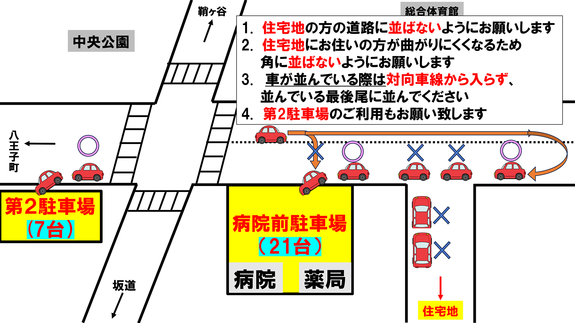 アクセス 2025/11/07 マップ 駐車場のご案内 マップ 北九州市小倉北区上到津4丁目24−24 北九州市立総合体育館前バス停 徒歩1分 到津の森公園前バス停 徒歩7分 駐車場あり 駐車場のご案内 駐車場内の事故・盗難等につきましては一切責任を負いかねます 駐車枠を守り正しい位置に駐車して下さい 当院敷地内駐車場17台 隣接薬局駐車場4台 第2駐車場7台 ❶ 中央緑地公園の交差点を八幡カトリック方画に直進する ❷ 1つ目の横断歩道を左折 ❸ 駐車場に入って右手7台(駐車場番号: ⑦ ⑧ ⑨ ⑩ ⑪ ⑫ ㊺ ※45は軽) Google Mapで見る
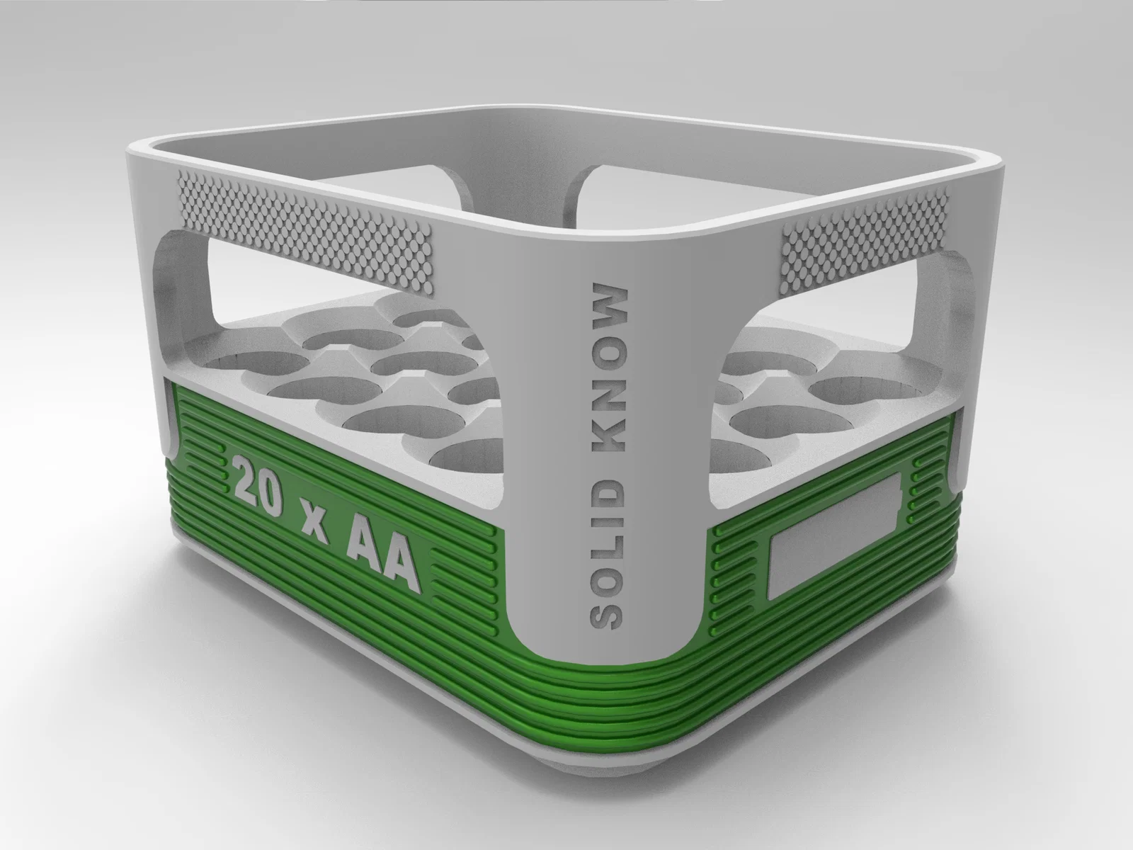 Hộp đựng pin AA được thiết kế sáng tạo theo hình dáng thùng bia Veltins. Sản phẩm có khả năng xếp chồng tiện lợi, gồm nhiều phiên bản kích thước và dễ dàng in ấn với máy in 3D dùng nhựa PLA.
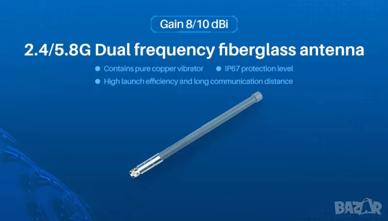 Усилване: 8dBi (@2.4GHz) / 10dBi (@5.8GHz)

### ABOUT THIS TASK
When you retype the listing above, keep each line exactly as written and drop the pictures.

### OUTPUT FOR THIS EXERCISE
 アクセス 2025/11/07 マップ 駐車場のご案内 マップ 北九州市小倉北区上到津4丁目24−24 北九州市立総合体育館前バス停 徒歩1分 到津の森公園前バス停 徒歩7分 駐車場あり 駐車場のご案内 駐車場内の事故・盗難等につきましては一切責任を負いかねます 駐車枠を守り正しい位置に駐車して下さい 当院敷地内駐車場17台 隣接薬局駐車場4台 第2駐車場7台 ❶ 中央緑地公園の交差点を八幡カトリック方画に直進する ❷ 1つ目の横断歩道を左折 ❸ 駐車場に入って右手7台(駐車場番号: ⑦ ⑧ ⑨ ⑩ ⑪ ⑫ ㊺ ※45は軽) Google Mapで見る
 Hộp đựng pin AA được thiết kế sáng tạo theo hình dáng thùng bia Veltins. Sản phẩm có khả năng xếp chồng tiện lợi, gồm nhiều phiên bản kích thước và dễ dàng in ấn với máy in 3D dùng nhựa PLA.
 Усилване: 8dBi (@2.4GHz) / 10dBi (@5.8GHz)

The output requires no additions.